The Heritage Foundation’s stance against expanding subsidies for nuclear energy has once again been manipulated by the anti-nuclear crowd to infer that we are anti-nuclear. This time, Harvey Wasserman on The Huffington Post wrote that Heritage, along with some other groups, believe that nuclear energy is “too expensive to matter.”

To be clear: We are not anti-nuclear. The Heritage Foundation has written in study after study over the past three years that we not only believe that nuclear energy can be a critical part of America’s energy future but that nuclear technology can revolutionize energy production. However, to reach that potential, the United States must transform the policies and regulations that govern commercial nuclear operations. We believe that only an industry rooted in the free-market, supported by predictable and efficient regulation can yield such an outcome.

Our stance on nuclear power is not that it is too expensive to matter but that its promise is too important to subsidize.

Wasserman’s mischaracterization of our position on nuclear is not the only area where he misses the mark.

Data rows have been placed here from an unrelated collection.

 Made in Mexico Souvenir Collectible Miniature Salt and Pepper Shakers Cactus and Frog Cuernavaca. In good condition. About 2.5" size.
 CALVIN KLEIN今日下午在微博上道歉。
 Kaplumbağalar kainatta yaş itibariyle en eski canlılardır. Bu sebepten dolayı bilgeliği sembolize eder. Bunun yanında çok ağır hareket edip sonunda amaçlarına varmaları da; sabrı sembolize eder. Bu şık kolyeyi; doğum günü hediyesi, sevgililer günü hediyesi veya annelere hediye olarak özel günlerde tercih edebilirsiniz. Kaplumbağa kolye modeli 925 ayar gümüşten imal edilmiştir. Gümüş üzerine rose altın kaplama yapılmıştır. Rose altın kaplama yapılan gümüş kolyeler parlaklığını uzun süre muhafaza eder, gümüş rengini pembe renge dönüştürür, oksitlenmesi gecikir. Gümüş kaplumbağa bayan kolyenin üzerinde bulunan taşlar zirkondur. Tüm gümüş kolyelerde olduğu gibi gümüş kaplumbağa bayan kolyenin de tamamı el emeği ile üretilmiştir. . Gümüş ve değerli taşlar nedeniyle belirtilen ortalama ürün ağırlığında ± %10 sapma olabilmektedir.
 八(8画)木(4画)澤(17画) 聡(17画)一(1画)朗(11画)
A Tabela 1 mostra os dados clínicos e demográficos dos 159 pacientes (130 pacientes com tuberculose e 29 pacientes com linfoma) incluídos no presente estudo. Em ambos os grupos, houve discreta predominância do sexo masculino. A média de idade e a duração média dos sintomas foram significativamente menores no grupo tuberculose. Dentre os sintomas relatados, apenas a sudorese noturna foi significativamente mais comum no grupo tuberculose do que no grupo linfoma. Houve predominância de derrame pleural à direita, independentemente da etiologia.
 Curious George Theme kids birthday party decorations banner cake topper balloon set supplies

On nuclear waste, he states that the industry “can’t solve its waste problems.” This is just not true. The problem with solving the waste problem is not technical. It could be safely stored in Yucca Mountain or recycled or processed in any number of other ways that makes it perfectly safe for disposal. The problem is 100% political. For example, the Obama Administration’s fight to terminate Yucca Mountain is not based on a technical determination. It does not even want to allow the Nuclear Regulatory Commission to look at its feasibility. It is some other calculation that is driving the policy.

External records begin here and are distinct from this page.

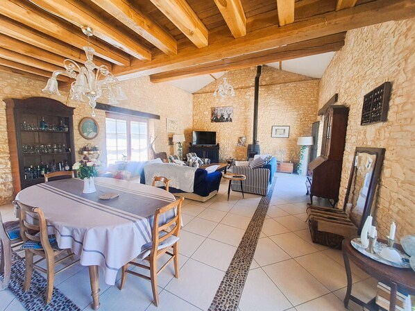 In the countryside, spacious house with large terrace, swimming pool and garden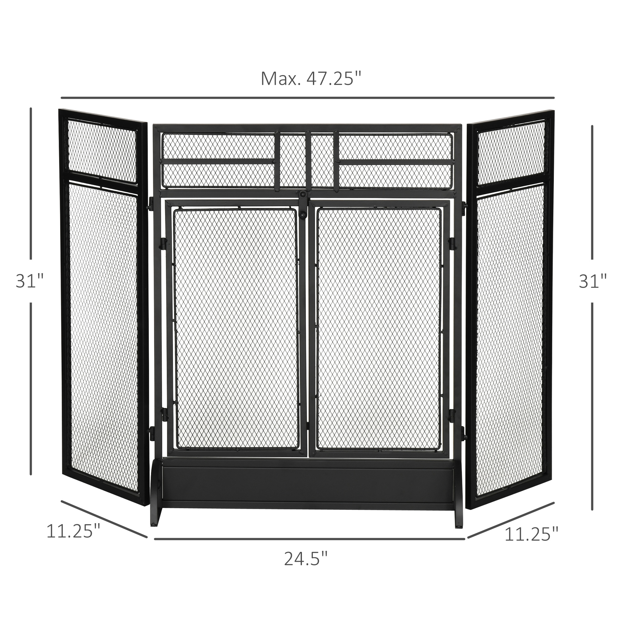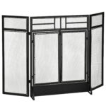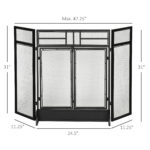 HOMCOM 3-Panel Steel Mesh Fireplace Screen, Decorative Fire Spark Guard Cover with Double Doors, 47x31in, Black | Aosom Canada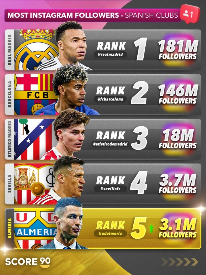 直播吧03月04日訊 據(jù)Score90統(tǒng)計(jì),在C羅收購(gòu)了西乙球隊(duì)阿爾梅里亞25%的股份后,阿爾梅里亞的社媒粉絲數(shù)瘋漲,如今阿爾梅里亞的IG賬號(hào)已經(jīng)擁有超過310萬粉絲,在所有西班牙俱樂部中排名第五,而前四支球隊(duì)均為西甲球隊(duì)。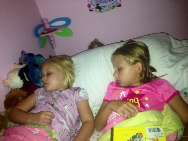 Eeek! So incredibly sweet, isn't it? So now, panic moment over, I rush to get my camera. I love it. I love love love this picture. I love that they fell asleep together, reading a book and look like twins! Sleeping the same way, the same direction, arms in the same place, same profile. Gosh, I love these girls. *sniff sniff* (good cry, good cry...haha!)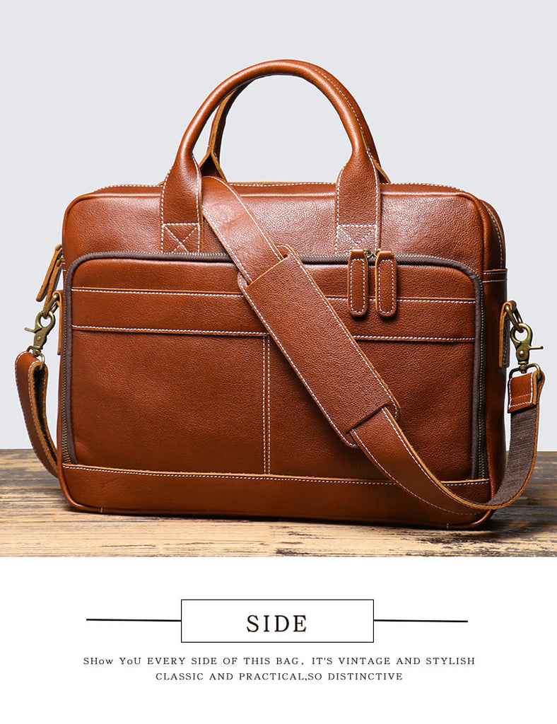 Style: Brown Leather 14 inches Laptop Briefcase Brown Leather Briefcase for Men
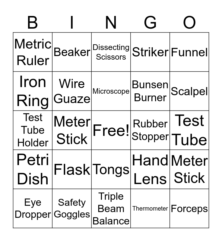 This bingo card has a free space and 24 words: Flask, Safety Goggles, Microscope, Eye Dropper, Funnel, Metric Ruler, Iron Ring, Beaker, Rubber Stopper, Tongs, Bunsen Burner, Test Tube Holder, Hand Lens, Meter Stick, Wire Guaze, Thermometer, Test Tube, Dissecting Scissors, Scalpel, Meter Stick, Forceps, Petri Dish, Striker and Triple Beam Balance.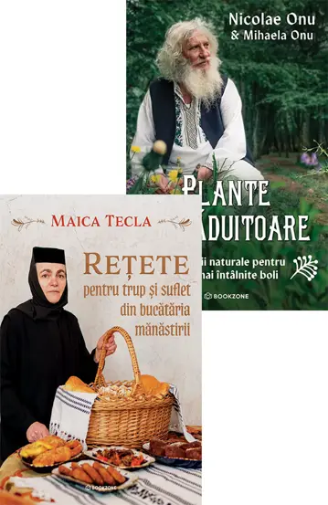 Două feluri simple și vechi prin care omul s-a îngrijit dintotdeauna: hrana curată și puterea vindecătoare a naturii. Rețetele Maicii Tecla sunt născute din pacea mănăstirii, din grija pentru semeni și din credința că o masă bună poate aduce nu doar sațietate, ci și liniște. Apoi descoperi lumea Vraciului Nicolae Onu, în care plantele, rădăcinile și darurile pământului sunt privite ca ajutor real pentru omul slăbit, obosit sau în căutarea echilibrului. Împreună, aceste două cărți te întorc la rădăcini.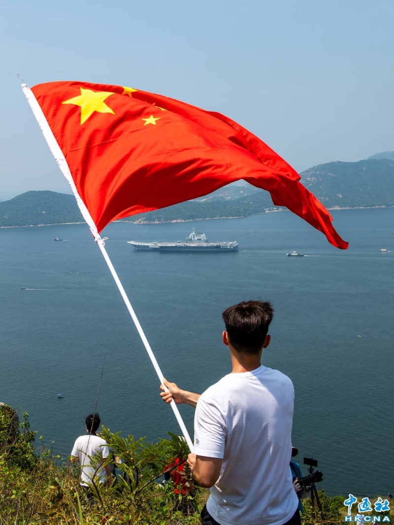 7月6日,山東艦航母編隊结束訪問香港行程,市民站在玉桂山山頂揮舞國旗送别,山東艦鳴笛回應。(蔡志東 攝)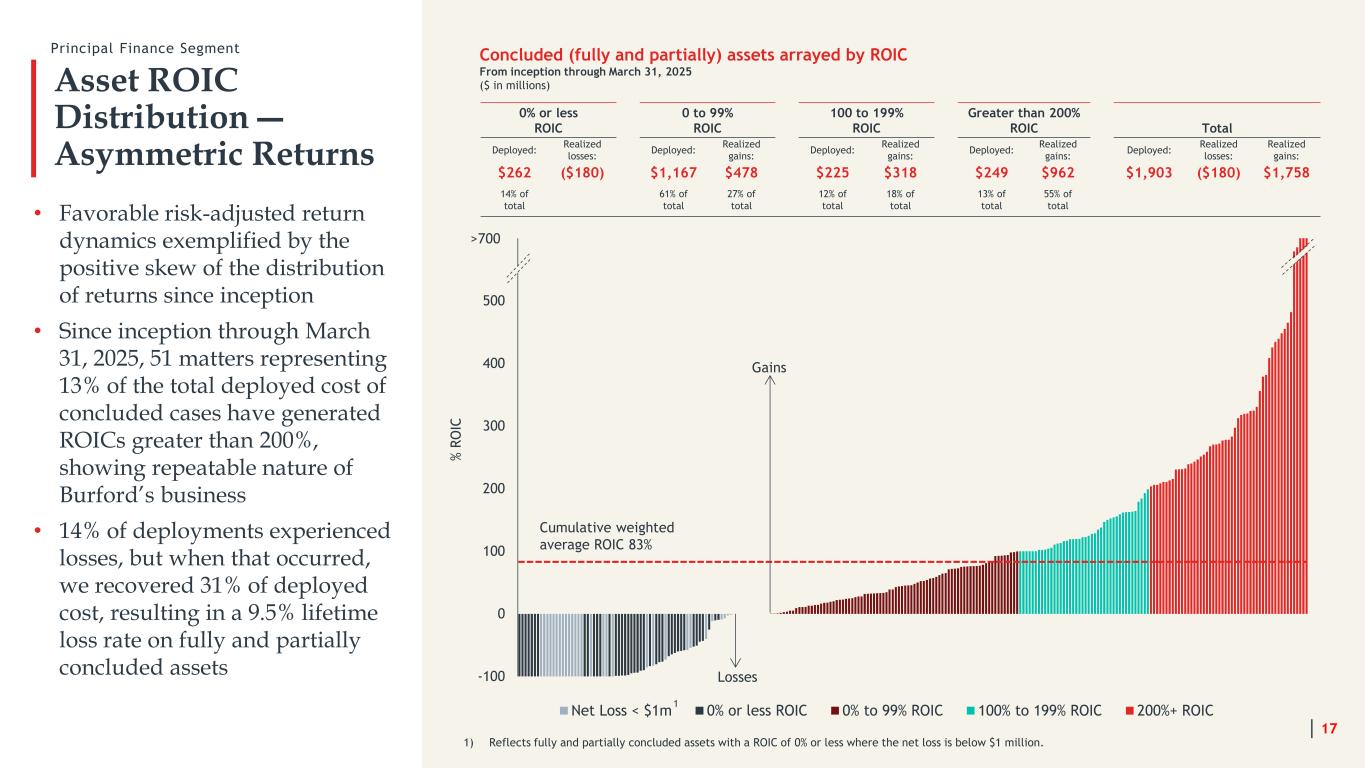 -100 0100200300400500600净亏损< 100万美元0%或更少的ROIC 0%至99% ROIC 100%至199% ROIC 200% + ROIC资产TERM0分布―不对称回报•有利的风险调整后回报动态,例如自启动以来的回报分布呈正偏度•自启动以来至2025年3月31日,占已完成案例总部署成本13%的51个事项已产生超过200%的ROIC,显示出Burford业务的重复性• 14%的部署经历了损失,但在发生这种情况时,我们收回了部署成本的31%,导致完全和部分缔结资产9.5%的终生损失率0%或更少的ROIC 0至99% ROIC 100至199% ROIC大于200% ROIC已部署总额:已实现损失:已部署:已实现收益:已部署:已实现收益:已部署:已实现收益:已实现收益:$ 262($ 180)$ 1,167 $ 478 $ 225 $ 318 $ 249 $ 962 $ 1,903($ 180)$ 1,75814% of total 61% of total 27% of total 12% of total 18% of total 13% of total 55% of total ended(完全和部分)assets arranged by ROIC from inception to March 31,2025年(百万美元)累计加权平均ROIC 83%收益亏损> 700% R O IC 17本金财务部分1)反映净亏损在100万美元以下的全部和部分已结算的ROIC为0%或更低的资产。1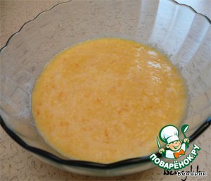 Теперь готовим начинку. Взбить яйца, сахар, муку - долго не взбивать. Добавить апельсиновый сок и цедру.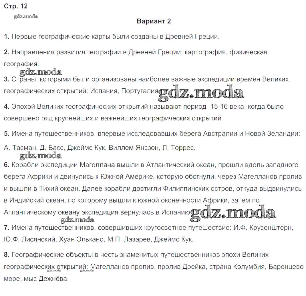 ГДЗ решение к заданию № 12 География 5-6 классы тетрадь-экзаменатор Барабанов В.В. Просвещение 2017 ФГОС бесплатно на гдз.мода!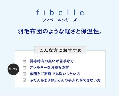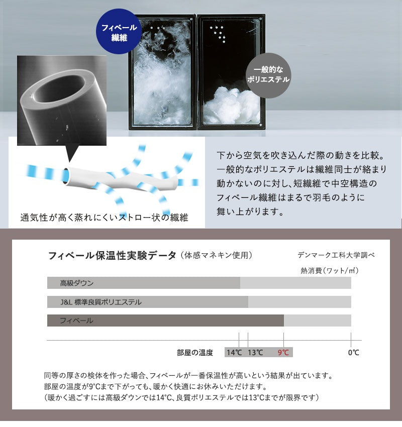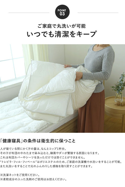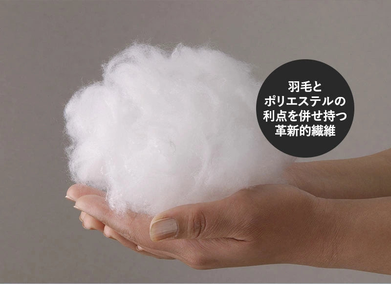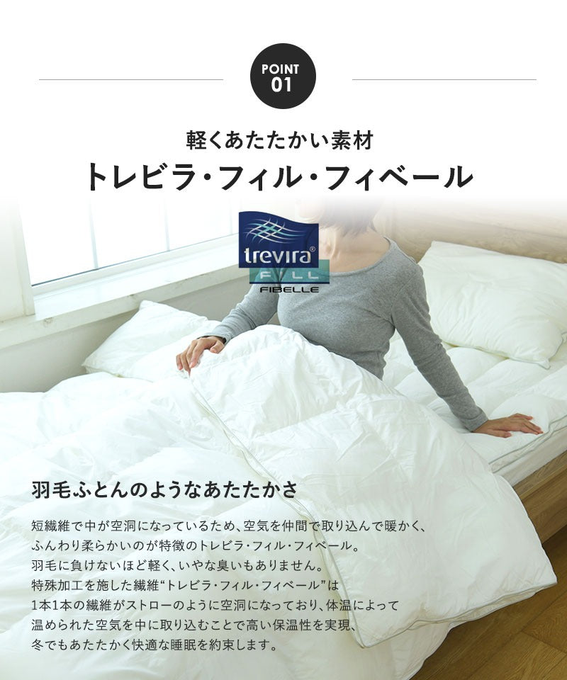 短繊維で中が空洞になっているため、空気を中まで取り込んであたたかく、ふんわり柔らかいのが特徴のトレビラフィルフィベール。羽毛に負けないほど軽く、いやな臭いもありません。 特殊加工を施した繊維トレビラ・フィル・フィベールは1本1本の繊維がストローのように空洞になっており、体温によって温められた空気を中に取り込むことで高い保温性を実現、冬でもあたたかく快適な睡眠を約束します。

He states that it can not stop leaking radiation. While it is true that there have been a couple of highly publicized tritium leaks in recent weeks, it is also true that the nuclear industry has a long history of safe operations and that the NRC has done an outstanding job of ensuring that policies are in place to protect people and the environment from any such leaks. The Nuclear Regulatory Commission strictly regulates the nuclear industry and the industry has an exceptional safety record as a result. When problems are identified, they are either fixed or operations cease. If contamination occurs, it is cleaned.

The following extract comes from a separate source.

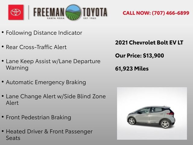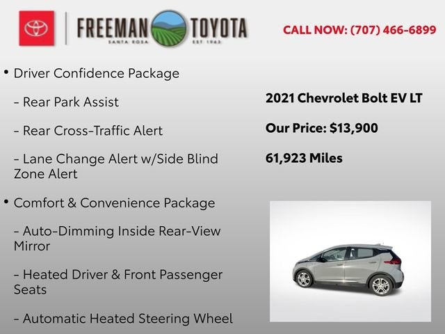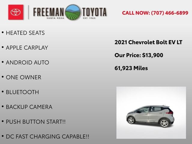 Discover the exceptional 2021 Chevrolet Bolt EV LT, a cutting-edge electric vehicle that combines style, performance, and unparalleled efficiency. With its striking Gray exterior and a host of advanced features, this Bolt EV is poised to redefine your driving experience.- Heated Seats- Apple CarPlay- Android Auto- One Owner- Bluetooth- Backup Camera- Push Button Start- DC Fast Charging Capable- Charger Included- Automatic Heated Steering Wheel- Rear Park Assist- DC Fast Charging- Forward Collision Alert- IntelliBeam Automatic On/Off High Beam- 3-Spoke Leather-Wrapped Steering Wheel- Auto-Dimming Inside Rear-View Mirror- Automatic Emergency Braking- Following Distance Indicator- Front Pedestrian Braking- Lane Change Alert w/Side Blind Zone Alert- Lane Keep Assist w/Lane Departure Warning- Rear Cross-Traffic Alert- Heated Driver & Front Passenger SeatsThis Bolt EV LT is equipped with the Comfort & Convenience Package, the Driver Confidence II Package, and the Driver Confidence Package, offering an unmatched level of comfort, safety, and convenience. With an impressive MPGe of 127 in the city and 108 on the highway, this electric marvel delivers exceptional efficiency, minimizing your environmental impact and reducing your fuel costs.Slip behind the wheel of the 2021 Chevrolet Bolt EV LT and experience the future of driving. Packed with cutting-edge technology, advanced safety features, and a stylish, modern design, this electric vehicle is the perfect blend of performance, efficiency, and sophistication. Contact us today to schedule a test drive and discover the exceptional driving experience that awaits you.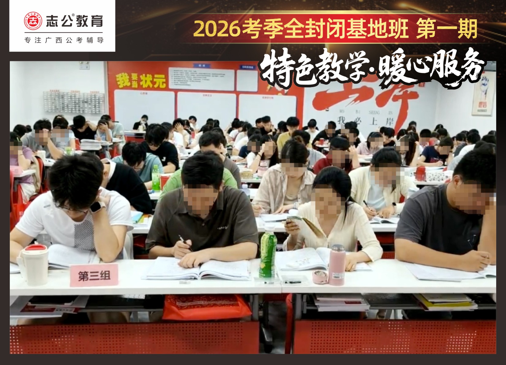 近日,志公教育基地班正式開課后,學員們?nèi)孢M入緊張而有序的封閉式備考狀態(tài)。為確保每一位學員都能在最佳狀態(tài)下高效備考,志公教育不僅提供了優(yōu)質(zhì)的教學資源和師資團隊,更從住宿環(huán)境、飲食健康、學習空間、紀律監(jiān)管、心理關(guān)懷、激勵機制等多個維度出發(fā),精心打造了一系列保障措施,確保每一位學員都能在最佳狀態(tài)下備考,真正實現(xiàn)“學得安心、住得舒心、吃得放心”。

He states that the industry can not pay for itself or insure itself. On these points, Wasserman has a point, to a point. Industry is asking for subsidies as it attempts to restart itself after a 30 year hiatus. These initial subsidies have some justification given the massive risk that government policy poses and the way government played an integral role in shutting down nuclear in the past. These subsidies should be used to transition into an environment where the industry can support itself. So whether or not the nuclear industry can or can not pay for itself has yet to be seen. As for insurance, the Price-Anderson insurance program was put in place to ensure that the United States had a nuclear industry capable of support our national security requirements. In a perfect world, the program could be ended, however, industry does pay for the insurance as part of the framework and it fulfills the requirements of the Price-Anderson Act with private funding.

And finally, he makes the same tired arguments that new nuclear plants take too long to build. He claims that with licensing and construction uncertainty the soonest a new plant could come on line is within seven years. Perhaps he is correct on this, but that is not a reason to forgo nuclear power. Just think, had the U.S. started in 2003, we would be bringing our first plant on line today. And once the first one is here, more can follow quickly. So if we start today, we could begin bringing our new fleet of nuclear reactors on line by 2017. Similar arguments are made by the anti-drilling crowd, but if those companies who want to build new nuclear or drill in new areas deem a project profitable, why should length stop them?

That is not too long to wait for an energy revolution. And maybe that is what Mr. Wasserman is afraid of.